Database of Spoken Czech as a Foreign Language (Permanent Residency in the Czech Republic): User Manual

The basic functions of the database include browsing records with various display options, filtering records by different categories, and performing complex searches within the database content. The database also allows users to download the entire corpus or selected records.

Browsing Records

Upon entering the corpus, all records (i.e., transcript files) stored in the database are displayed in a clear table. For each transcript file, the table shows, in addition to the file name, the level and identifier of the exam, the task number, the source of the preliminary annotation, the annotator’s code, and information on whether the transcript for that recording is canonical. The files in the table can be sorted by the values in a selected column. Records can also be filtered based on any substring in the file name by entering this substring in the “Search” text box located to the right above the table. Clicking on a specific file will display that file.

Viewing a File

The database allows users to view the transcripts of individual turns along with annotations and metadata, and to listen to the corresponding audio recordings. The nature of the displayed information varies according to the selected display mode, which can be switched at the bottom of the page below the transcript.

Text View Mode

Text View is the basic display mode that appears upon opening a file. At the top of the screen is a header with the title of the transcript and selected metadata. The transcript itself is displayed at the bottom, divided into turns. Each turn is marked with the speaker’s identifier (EXAM_1 for the examiner and CAND_1 for the candidate).

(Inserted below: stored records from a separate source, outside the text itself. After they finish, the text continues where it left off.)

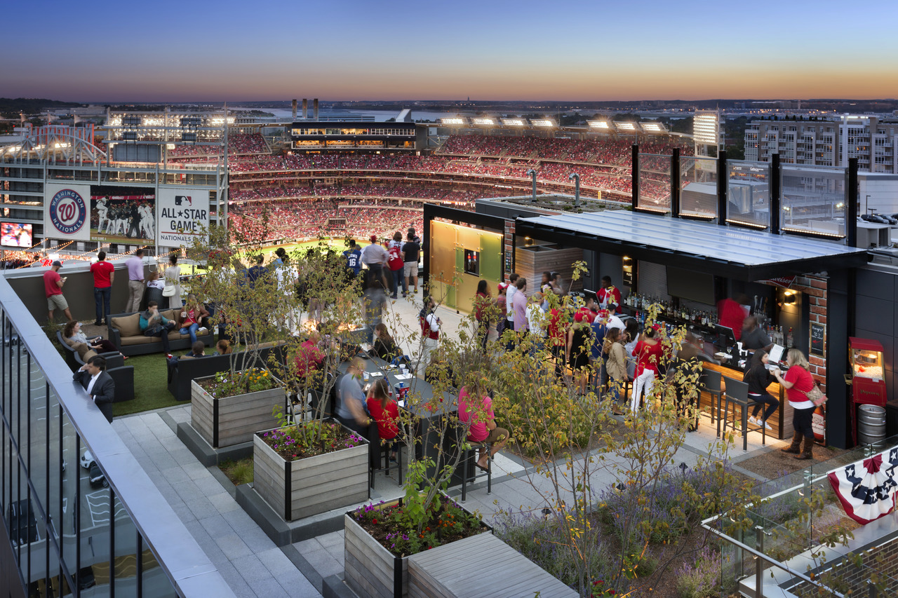 Roof top bar and grill with view of Nationals Park, Washington Monument, the Capitol, Anacostia River.
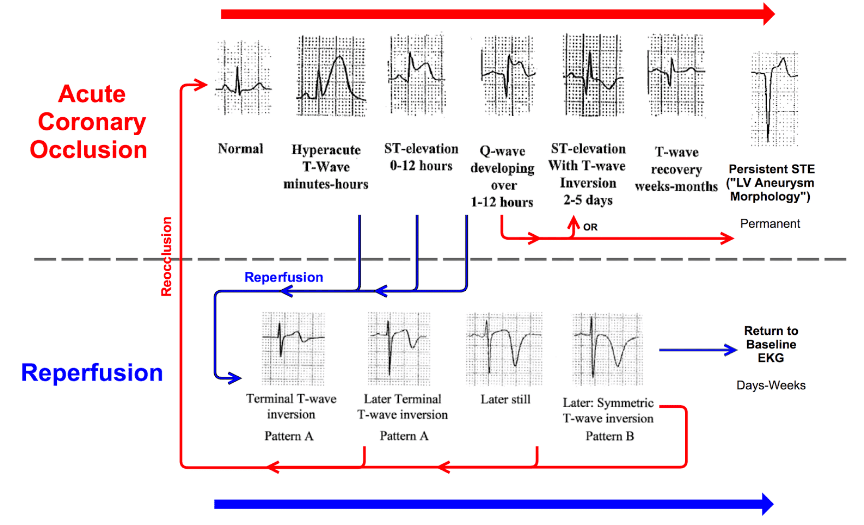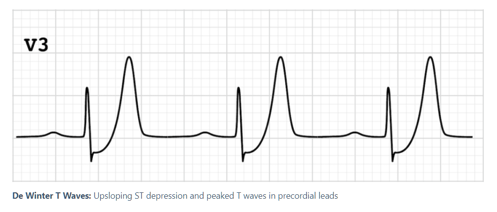 The de Winter pattern is seen in ~2% of acute LAD occlusions. Typical STEMI morphology may precede or follow the de Winter pattern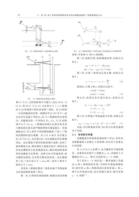 图 3 吊 2 根钢丝联系三角形测量示意图 图 5 吊 3 根钢丝联系三角形法地下导线起始方位角推算图
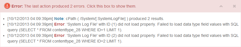 The Alert Bar displays issues and notes, typically based on the last operation performed. It only appears when there is new information to display, and remains opened until it is closed.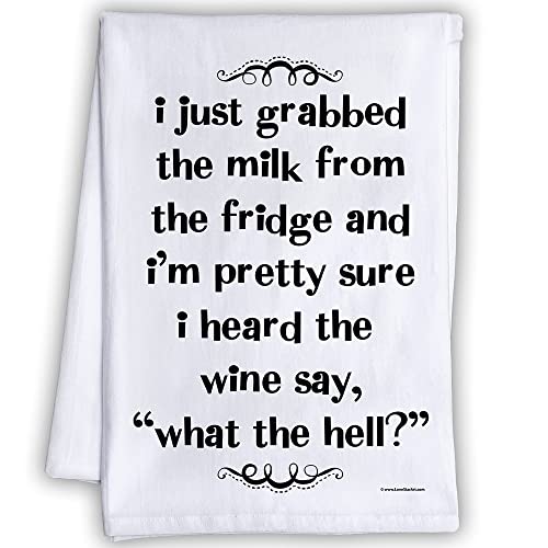 I Just Grabbed The Milk From The Fridge and I Heard The Wine Say, What the Hell? – Tea Towels – Decorative Dish with Sayings, Funny Housewarming Kitchen Gifts – Multi-Use Cute Kitchen- Gifts for Women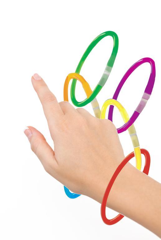 Svietiace náramky na každú párty. Náramok má priemer 5 mm a dĺžku 200 mm. Po jeho ohnutí dôjde k spojeniu látok vo vnútri a náramok niekoľko hodín svieti. Akonáhle dôjde k vyčerpaniu obsahu, náramok prestane svietiť a znovu sa už použiť nedá. V balení sú tiež spojky ku každému náramku. Nevhodné pre deti do 3 rokov. Balenie 15 ks.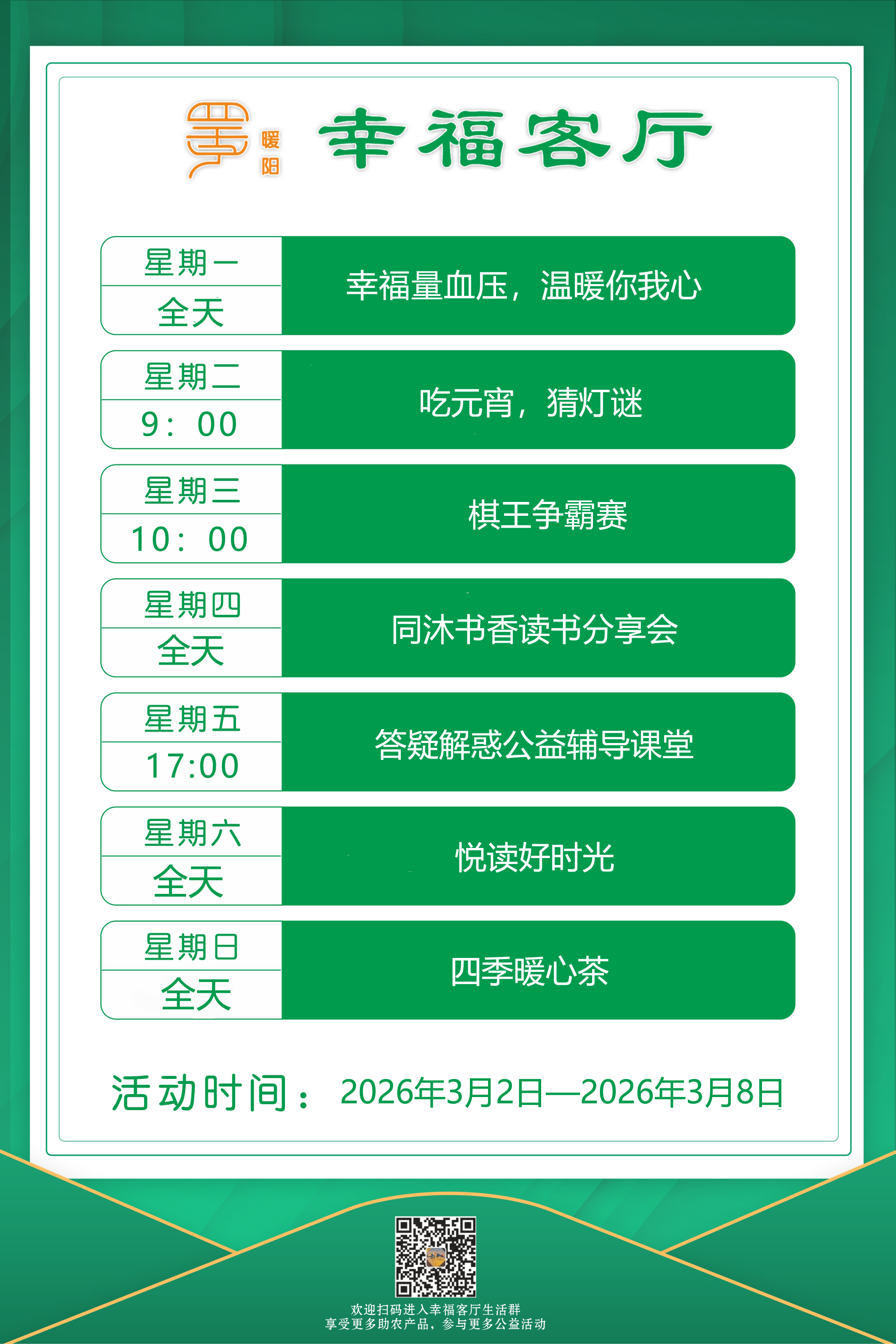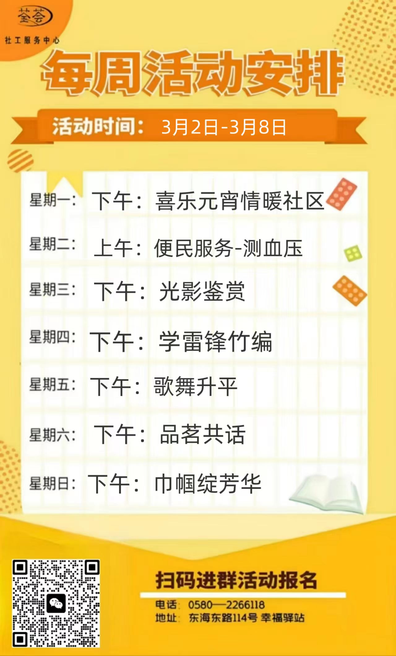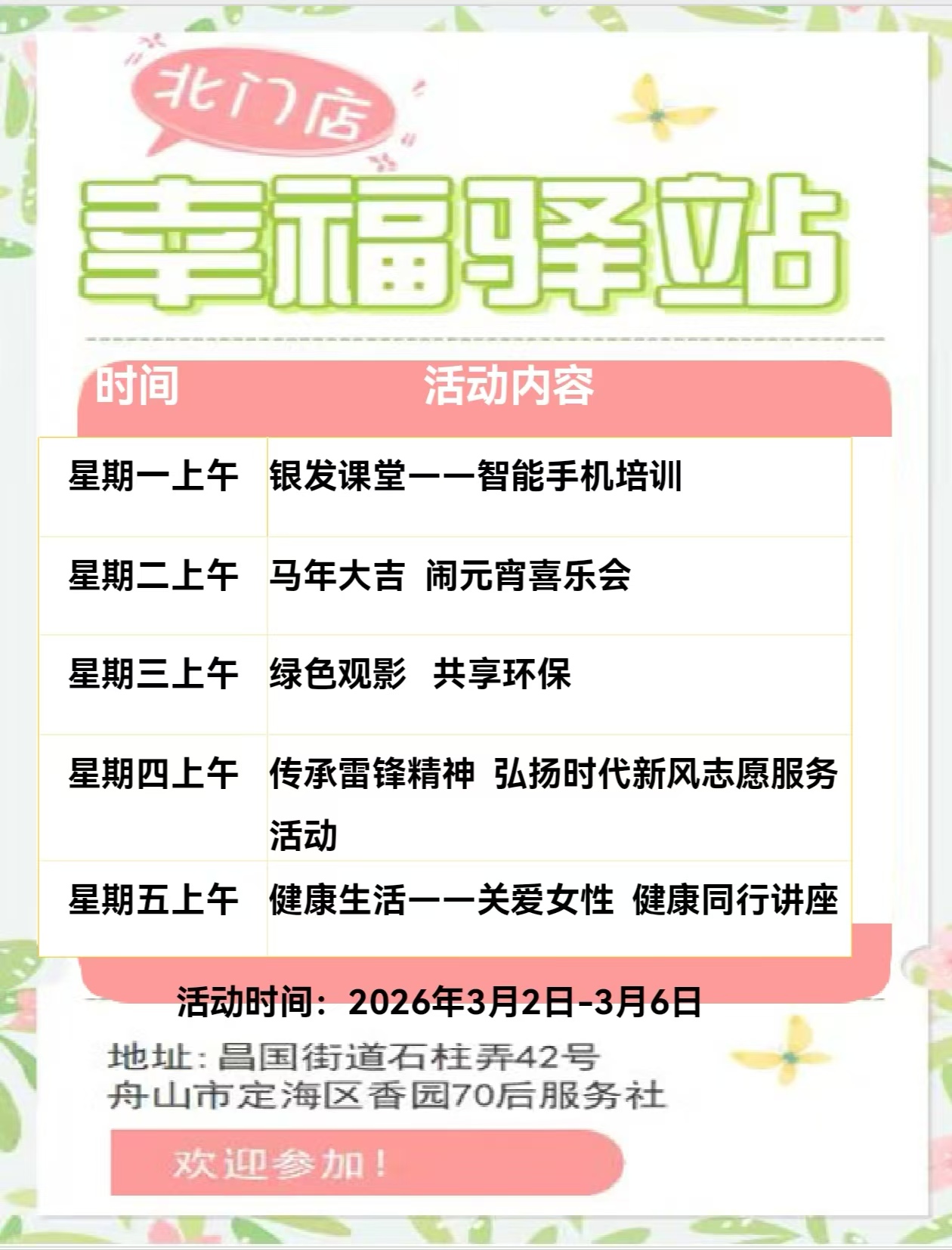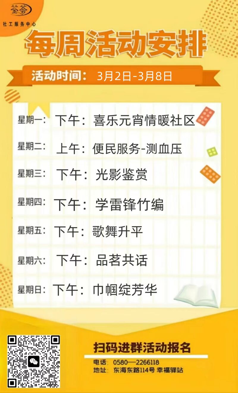 定海區(qū)“幸福+”民生服務(wù)陣地|公益服務(wù)一周活動(dòng)預(yù)告(3.2-3.8)

This mode also allows users to view automatic morphological annotation and lemmatization. Hovering the cursor over a specific token will display the corresponding annotation in context. To display a selected attribute for all tokens in the transcript, controls located below the header can be used, which include the following buttons: - PoS: Displays parts of speech. - Tag: Shows morphological tags. - Features: Provides detailed morphological information. - Lemma: Displays base forms of words.

Waveform View Mode

At the top of the screen, there is an extended playback control for the recording, which displays a signal graph (i.e., waveform). Below it, the transcripts of individual turns are displayed. Clicking on a specific turn will play that turn.

Dependencies Mode

This mode displays syntactic annotation. When clicking on a specific turn, an automatically generated dependency tree is displayed, with details available via mouse hover. In the upper right corner of the tree is a ≡ button for additional display options for the tree. It is possible to arrange nodes by word order, display punctuation, or save an image of the tree in SVG format.

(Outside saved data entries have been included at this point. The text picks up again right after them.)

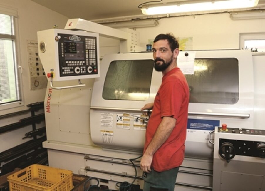 „Ze začátku jsem pracoval sám. Obsluhoval jsem tři klasické soustruhy najednou. Musel jsem se trochu ohánět, ale šlo to. Prvního zaměstnance mám od doby, kdy jsem koupil první CNC mašinu. To mě roce 2010 oslovila jedna firma z Brna a přesvědčila mě, abych si zažádal o dotaci. Myslel jsem, že jako takhle malá firma nebudu mít šanci, ale dopadlo to. Nakonec mi vyřídili dotaci i na druhý a potom na třetí stroj. Bez dotací bych už asi jedno CNC měl, ale určitě ne tři.“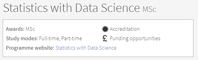 学位必须包含大量的数学内容,包括微积分(包括多个变量的微积分)、线性代数、概率、统计学和统计理论 中国留学生成绩要求在Band C,名单内院校要求80%,其他院校要求85% 雅思要求总分6.5,各单项成绩不低于6.0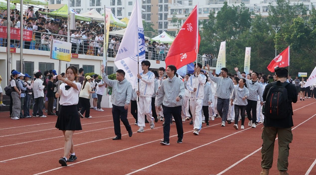 上午八时,开幕式正式开始。在激昂的运动员进行曲中,国旗护卫队迈着整齐有力的步伐,护卫着五星红旗入场,紧随其后的是校旗队和彩旗队,彩旗飘扬,蔚为壮观。之后,在一临床的方队中,老师和运动员们同样以气宇轩昂的面貌展现出我院团结一致、踔厉奋发的精神。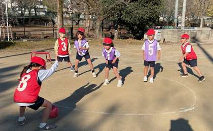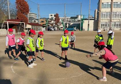 運動場でころがしドッジボールをしました。どうすればたくさん点数を取れるかをみんなで考え、試合の時には同じチームの友達に声をかけたり、自分から動いたりできるようになってきました。ボールを使っての試合は初めてでしたが、仲良く試合を楽しむことができました。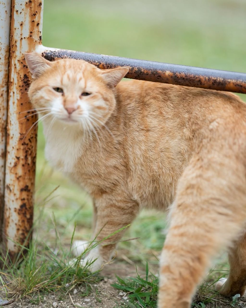 a cat standing on grass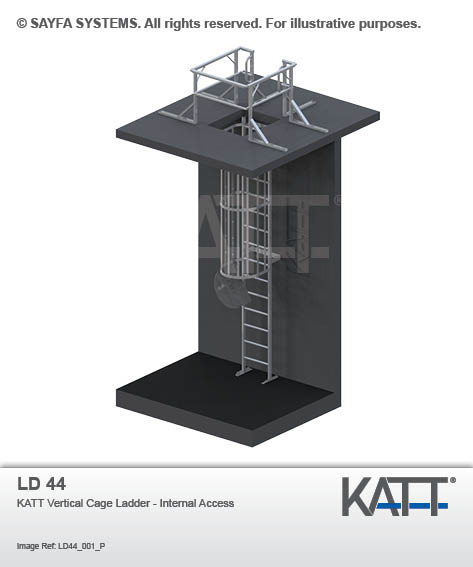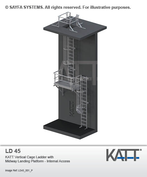 Description: KATT Vertical Cage Ladder with Midway Landing Platform – Internal Access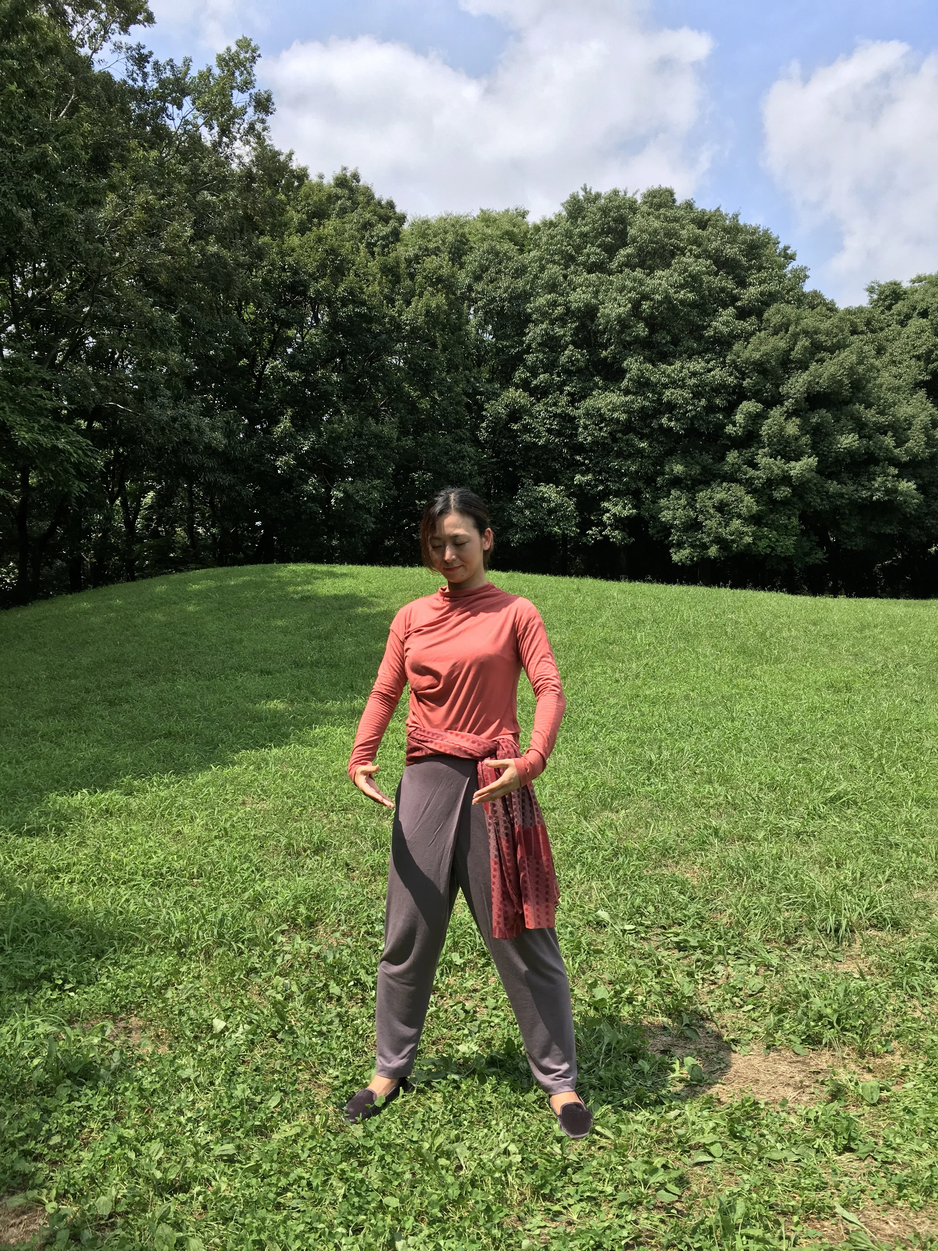 部位別にそれぞれ10の型があり、その前後に始型、終型、そして最後に立瞑想を含めて13の型となります。体幹部を中心に頭頂から足底まで上記「体極動」と「丹田呼吸法」を用いながら行っていきます。

Filtering Records by Categories

By clicking on the Browse button in the left main menu, users can filter transcripts based on the values of individual categories. For example, it is possible to display only a list of canonical transcripts or transcripts from a specific annotator.

Searching

Searching within the corpus can be done on a page that appears after clicking the Search button in the left main menu. This page allows users to enter queries in CQL (Corpus Query Language) format. For example:

[upos = "NUM.*"] [lemma = "otázka"]

to find forms of the word otázka that are preceded by a numeral.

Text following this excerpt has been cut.